The issues missing in this election campaign

Opposition Leader Peter Dutton and Prime Minister Anthony Albanese shake hands at the end of the third leaders’ debate on Tuesday.
Opposition Leader Peter Dutton and Prime Minister Anthony Albanese shake hands at the end of the third leaders’ debate on Tuesday.
Credit: AAP Image / Pool, Alex Ellinghausen

Anthony Albanese sounds at once stern and defensive. “There’s more to do. I’ve said that. And we will do more,” he tells reporters. It’s one of many teasers for a second political term.

The Labor leader is then pressed by the travelling media: “What’s happening in the future, though?”

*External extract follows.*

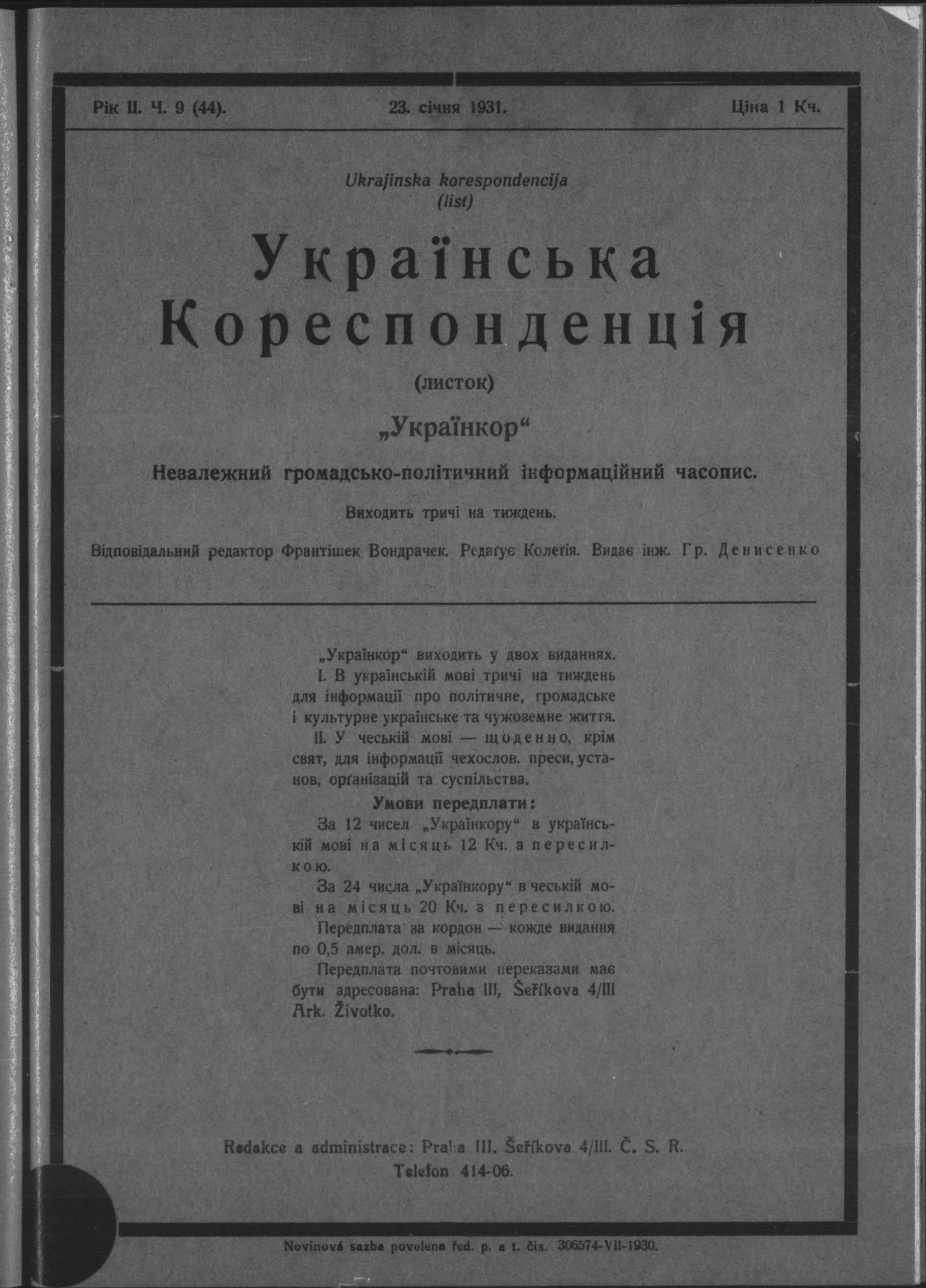 * Datum vydání výtisku: 23.1.1931 Číslo výtisku: 44
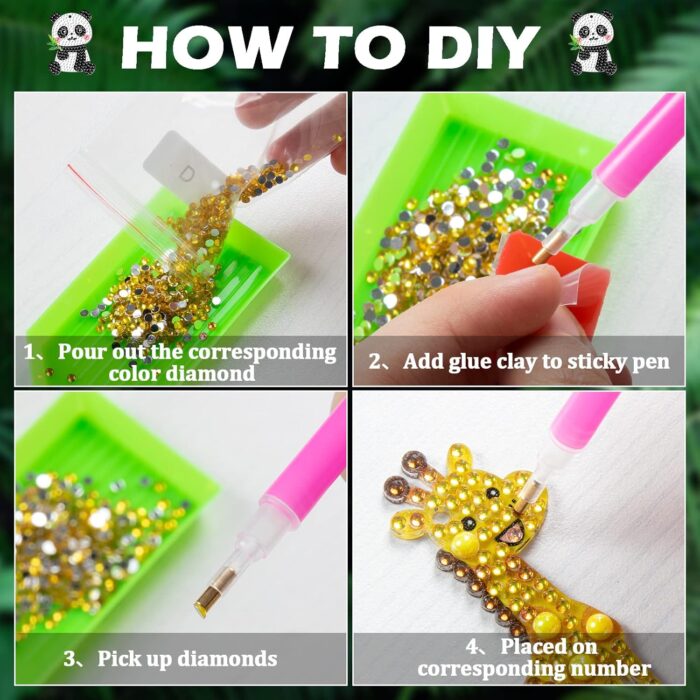 🎈EASY TO MAKE – First, peel off the transparent protective film of the cartoon sticker canvas. Then, dip enough clay into the viscous pen and use the pen to grasp the front of the diamond. Finally, bring the diamond to the corresponding number. There are letters/numbers/symbols on each diamond bag.CHOKING HAZARD-Small parts. Not for children under 3 years.

He gave very little away amid interjections. “Well, I just said that. Well, I just said. I just responded to your question, which was there’s more to do. We’ll work those issues through.”

This exchange could relate to any number of policy areas that remain uncovered in this election campaign, in which Albanese has clearly favoured traditional Labor touchstones such as health and education. In this instance, the topic is gambling reform and whether his government would be “bold” on gambling advertising if re-elected.

“We have taken action, the most serious action of any government since Federation,” Albanese says, refocusing on the past. The total ad ban, a mid-2023 recommendation from the bipartisan committee chaired by the late Labor MP Peta Murphy, still hangs around the government without an official response.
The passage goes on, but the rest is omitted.